I was 12 when I found out I would be getting braces.  The idea didnt bother me that much.  However, it was the first time that I considered "image."  What would I look like to others?  I was the second person in my elementary school class to get braces.  It was the time in my life when I desperately wanted to fit in, but I didnt know how to do that yet.  Braces were going to be terrible.

Braces opened my eyes to physical appearance.  To beauty.  To social stigmas, body type, genders, and what is to be expected of each.  I was a chubby child - and always tall.  By grade six I was probably at least 5'8 or 5'9.  I had always been tall for my age so I couldnt shop in children's stores.  Nothing fit me.  I vaguely remember being in grade 4 or 5 and shopping for an outfit to go to a MS dinner.  My grandma has MS and I had entered a drawing contest and won.  I saw the numbers on the tags but they didnt mean anything to me then.  I remember having to grab a size 14. Yikes.  I didnt know what that meant then.  But soon I would.

My mother always had issues with her body.  I remember her often, probably daily, as a child when she looked at her profile in the mirror and sighed.  She was always "so heavy."  I dont blame my mother for anything that happened.  Rather, she imprinted on me a constant dislike of my body.  She made it okay to think that.  She made it okay to hate myself, in a way at least.

Around the time I got braces I realized I was eating too much.  I realized I was fat.  

I now consider myself lucky.  It scares me that now little girls in kindergarden are worrying about their bodies.  What happened to childhood?  At my twelve years of age I made a decision to change my body for the better.  I now know where my mothers constant need to feed me came from.  Apparently as a baby I cried a lot at one point.  Someone told my mother to feed me more.  That was the solution - she simply hadn't been feeding me enough.  From that point on I would never get away from her wanting me to stuff myself to the limit.

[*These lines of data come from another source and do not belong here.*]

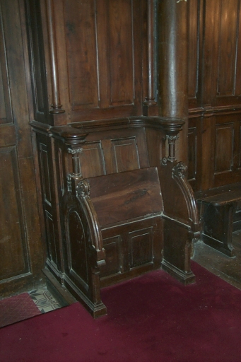 Mobilier de choeur : lambris de demi-revêtement, 4 stalles, 7 bancs,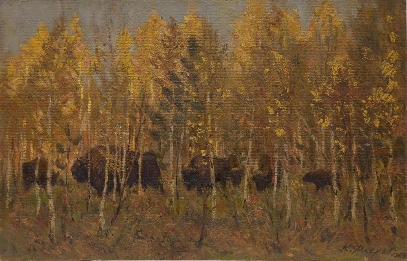 На картоне горизонтального формата выполнен осенний лесной пейзаж со стадом, идущих между молодых берёз, зубров. Изображено шесть зубров на втором плане, пятеро взрослых и зубрёнок.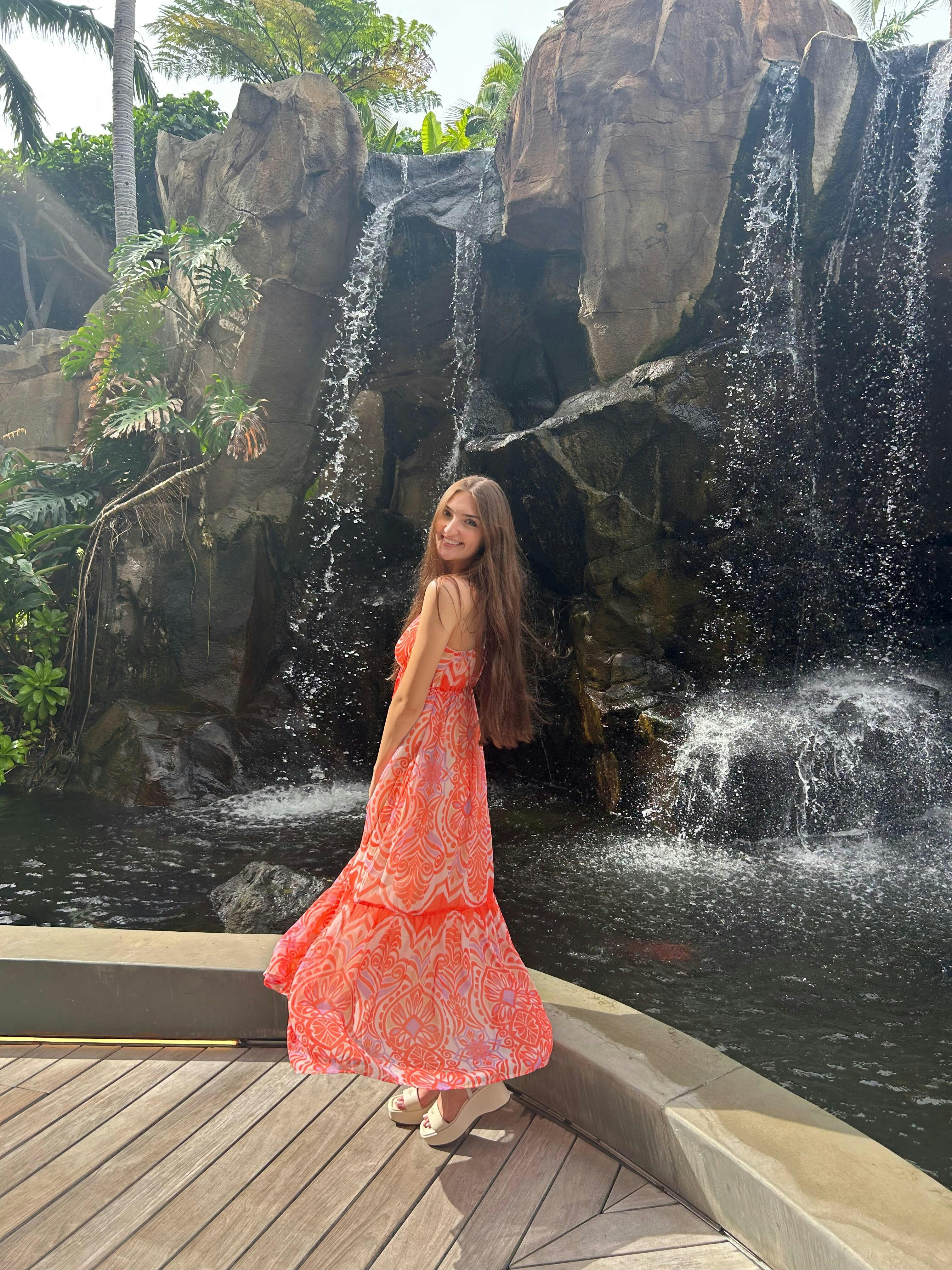Drift into summer ease with our Cabana Daydreams maxi dress in a dreamy coral print. Designed with a delicate cami top, elasticized empire waist with tie detail, and a romantic ruffled hemline, this flowy silhouette flatters every figure. Whether you're attending a seaside wedding, strolling through a resort town, or sipping spritzes under the sun, this dress promises effortless elegance and all-day comfort.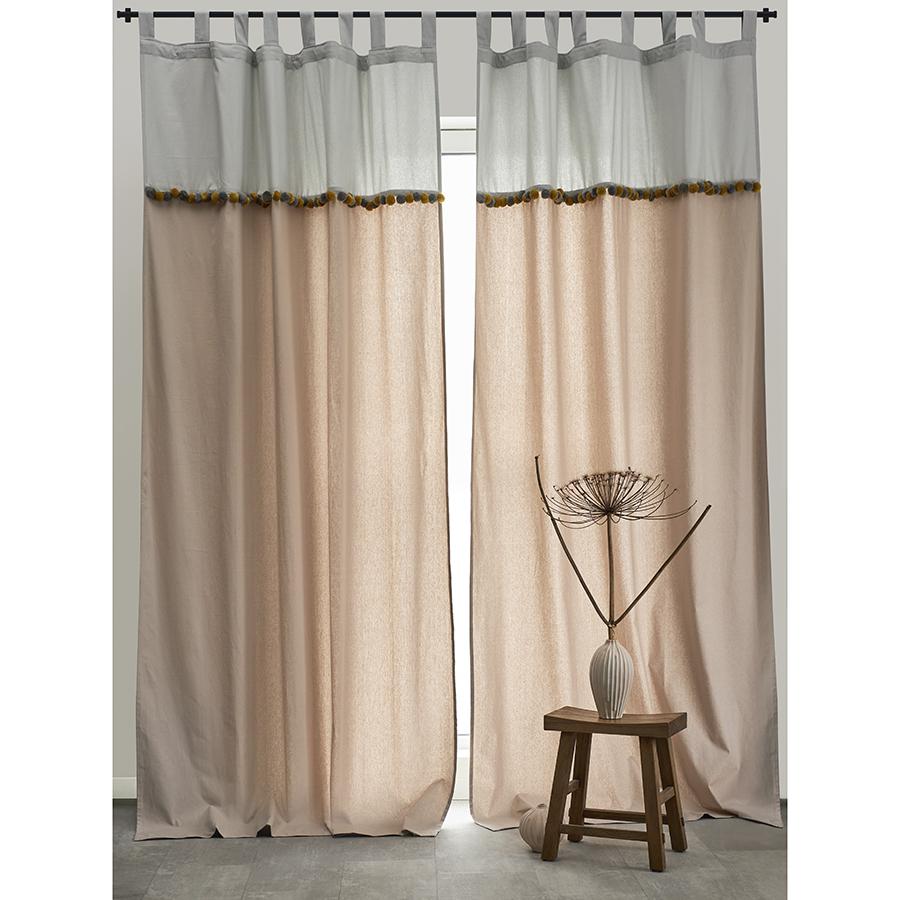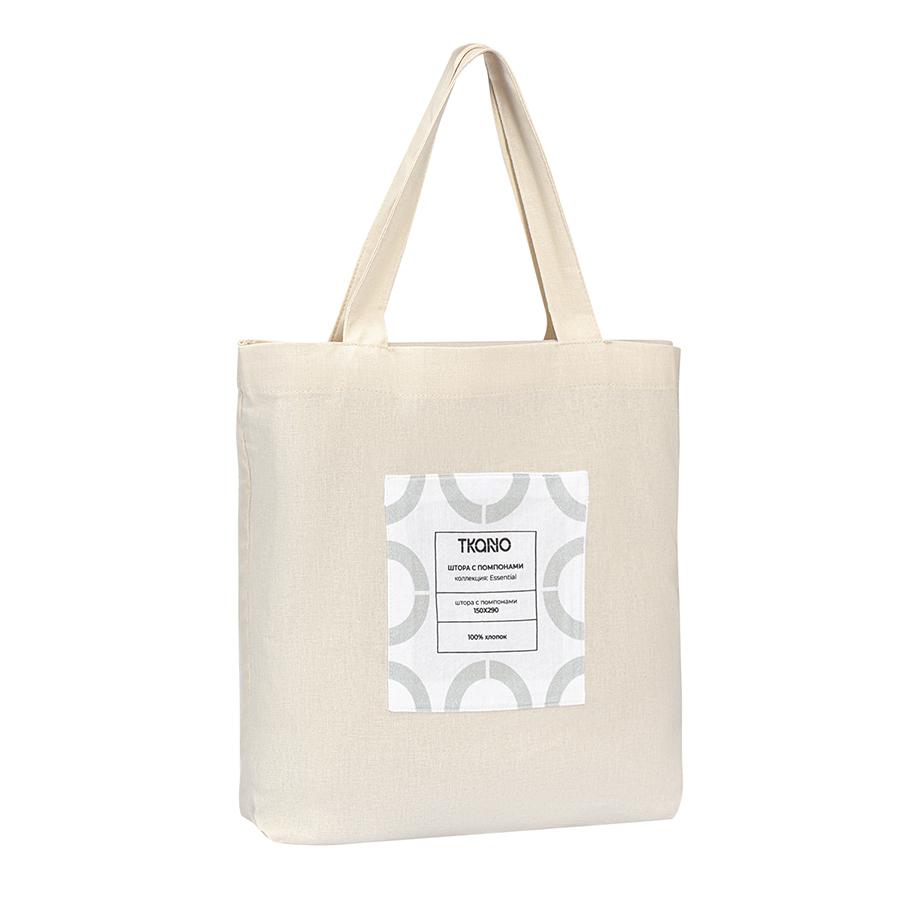 Комплект Tkano Штора из хлопка с помпонами бежево-серого цвета из коллекции essential, 150х290 см арт. TK23-CUR0002

I was definitely imprinted.  She taught me I should eat as much as possible.  Growing quickly did give me a huge appetite, but never I couldnt possible fill myself enough for my mother to be completely satisfied.  She didnt know she was sabotaging me.

More to the point, right around that time that I realized I was eating too much and that I was fat I decided to do something about it.  It was so easy then.  I started by eating one sandwich for lunch, not two.  At dinner time I made sure I left the table still hungry.  I didnt realize what a great cover I had made for myself.  Since I had just gotten braces my mother thought my eating less was due to not being able to eat as well, or my mouth hurting.  Boy did I fool her.

Once I got down to a reasonable size (i have no recollection of what that was) I was satisfied.  I stopped.  I didnt consciously stop.  I just did - perhaps some of my innate childhood body wisdom kicking in.  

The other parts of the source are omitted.